Stream processing is continuous data flow. Individual records fail for all sorts of reasons: bad format, missing lookup key, validation error. Without a systematic approach to those failures you end up either silently dropping data or crashing the pipeline on every error. Railway-oriented programming splits processing into a success track and a failure track, then handles each at a well-defined boundary.

The name comes from the two-track metaphor. You don’t handle errors where they occur. You route them to a separate track and decide what to do with them at the commit cycle or the sink.

flowchart LR
    Input["Input Records"] --> Process["Process / Validate"]
    Process -->|Success| OK["Success Track\n(valid records)"]
    Process -->|Failure| Err["Failure Track\n(errors + context)"]
    OK --> SinkOK["Sink to output topic"]
    Err --> SinkErr["Sink to DLQ / retry topic"]

Use it when:

  • Individual records can fail validation but the stream must continue
  • You need to route failures to a dead-letter queue for later inspection
  • You want to track failure rates separately from success rates
  • Some failures are retryable (transient) while others are permanent (poison pills)
  • You need to preserve the original record context for debugging failures

Don’t use it when any failure is truly catastrophic (fail fast instead), when you can fix errors inline without losing semantics, or when processing is inherently all-or-nothing.

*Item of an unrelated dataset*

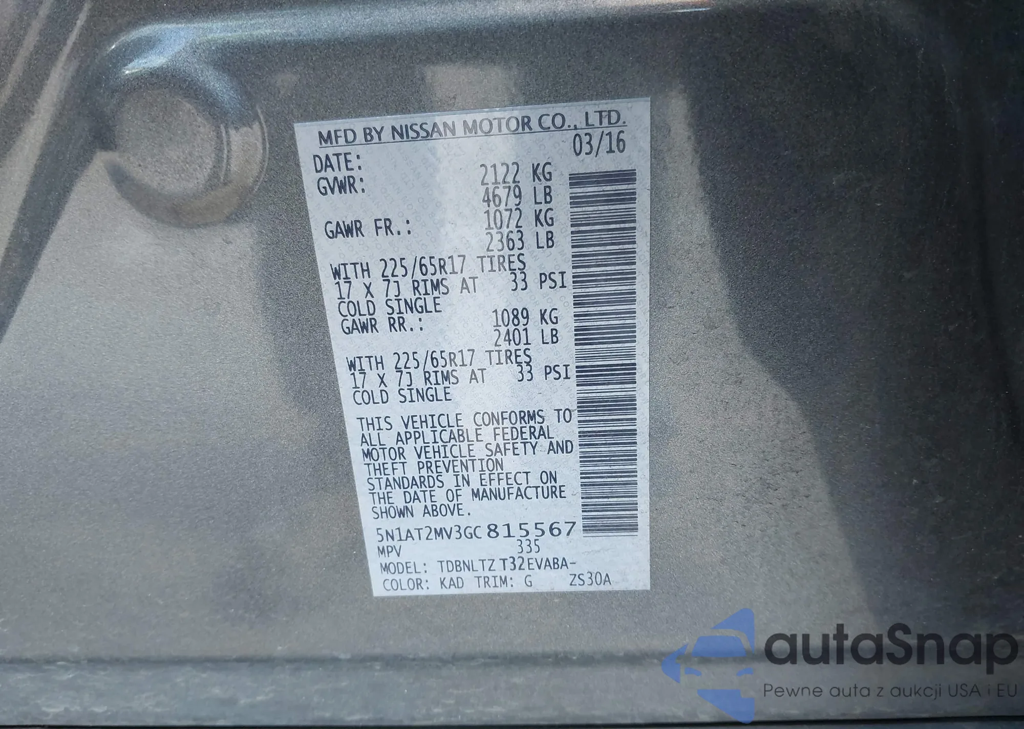 • VIN 5N1AT2MV3GC815567

Use Either or a custom result type to represent success/failure:

-- A validation result that carries success or error details
data ValidationResult a = Valid a | Invalid Text RecordContext
-- RecordContext preserves the original record for debugging
data RecordContext = RecordContext
{ rcKey :: Maybe ByteString
, rcValue :: ByteString
, rcTopic :: TopicName
, rcPartition :: Partition
, rcOffset :: Offset
}

Preserve the original key, value, and position. When a record fails six months from now, you need to know exactly what input caused it.

Transform your topology to handle both tracks:

-- Start with a KStream of raw records
rawStream :: KStream k ByteString
-- Parse and validate, creating the split
validated :: KStream k (ValidationResult ParsedRecord)
validated = rawStream |>> mapValues parseAndValidate
-- Split into two streams using flatMap
okRecords :: KStream k ParsedRecord
okRecords = validated |>> flatMap (\case
Valid r -> [r]
Invalid _ _ -> []
)
errorRecords :: KStream k (Text, RecordContext)
errorRecords = validated |>> flatMap (\case
Valid _ -> []
Invalid err ctx -> [(err, ctx)]
)

Kafka Streams doesn’t have a native “split” operation. flatMap with pattern matching routes records to zero or one output tracks based on your result type.

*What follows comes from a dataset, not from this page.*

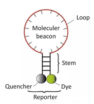 2)SYBR荧光染料: 在PCR反应体系中,加入过量SYBR荧光染料,SYBR荧光染料非特异性地掺入DNA双链后,发射荧光信号,而不掺入链中的SYBR染料分子不会发射任何荧光信号,从而保证荧光信号的增加与PCR产物的增加完全同步。SYBR仅与双链DNA进行结合,因此可以通过溶解曲线,确定PCR反应是否特异。 3)分子信标 是一种在5和3末端自身形成一个8个碱基左右的发夹结构的茎环双标记寡核苷酸探针,两端的核酸序列互补配对,导至荧光基团与淬灭基团紧紧靠近,不会产生荧光。 PCR产物生成后,退火过程中,分子信标中间部分与特定DNA序列配对,荧光基因与淬灭基因分离产生荧光。 第二代PCR主要缺点:

Send success records to your main output and failures to a dead-letter queue:

-- Success track: process normally and sink
okPipeline :: KStream k ProcessedRecord
okPipeline = okRecords |>> mapValues process |>> sink "output" serde serde
-- Failure track: enrich with metadata and sink to DLQ
errorPipeline :: KStream k (Text, RecordContext)
errorPipeline = errorRecords
|>> mapValues enrichWithProcessingMetadata
|>> sink "errors-dlq" errorSerde errorSerde

Errors need different handling than success records: manual review, automated retry, special retention. A separate topic lets you apply different processing logic without complicating the main pipeline.

Practical example: Enrichment with validation

Section titled “Practical example: Enrichment with validation”

A common use case: enriching records from an external API, where some lookups fail.

-- Input: user events with IDs to enrich
events :: KStream UserId Event
events = source "user-events" userIdSerde eventSerde
-- Enrich, tracking failures
enriched :: KStream UserId (Either EnrichmentError EnrichedEvent)
enriched = events |>> mapValuesM (\event -> do
result <- lookupUserProfile (eventUserId event)
case result of
Just profile -> Right (mergeEventWithProfile event profile)
Nothing -> Left (UserNotFound (eventUserId event) event)
)
-- Split the results
okEvents :: KStream UserId EnrichedEvent
okEvents = enriched |>> flatMap (\case
Right e -> [e]
Left _ -> []
)
errorEvents :: KStream UserId EnrichmentError
errorEvents = enriched |>> flatMap (\case
Right _ -> []
Left err -> [err]
)
-- Route each track
okPipeline :: Topology Void ()
okPipeline = okEvents |>> sink "enriched-events" serde serde
errorPipeline :: Topology Void ()
errorPipeline = errorEvents
|>> mapValues serializeError
|>> sink "enrichment-failures" serde serde

The main pipeline continues processing even when enrichment fails for some records. Failed enrichments go to a separate topic where you can retry them, investigate the missing data, or adjust processing logic.

Error classification: Retryable vs permanent

Section titled “Error classification: Retryable vs permanent”

Not all errors are equal. Classify them to handle each type appropriately:

data ProcessingError
= RetryableError Text RecordContext -- Transient: network blip, timeout
| PermanentError Text RecordContext -- Poison pill: bad format, invariant violation
deriving (Eq, Show)
-- Check if an error is retryable
isRetryable :: ProcessingError -> Bool
isRetryable (RetryableError _ _) = True
isRetryable (PermanentError _ _) = False
-- Route based on error type
routeByErrorType :: KStream k ProcessingError -> (KStream k ProcessingError, KStream k ProcessingError)
routeByErrorType errors =
let retryable = errors |>> filter isRetryable
permanent = errors |>> filter (not . isRetryable)
in (retryable, permanent)

Retryable errors might succeed on a second attempt. Permanent errors will fail forever and need manual intervention or schema fixes. Treating them differently prevents infinite retry loops and alert fatigue.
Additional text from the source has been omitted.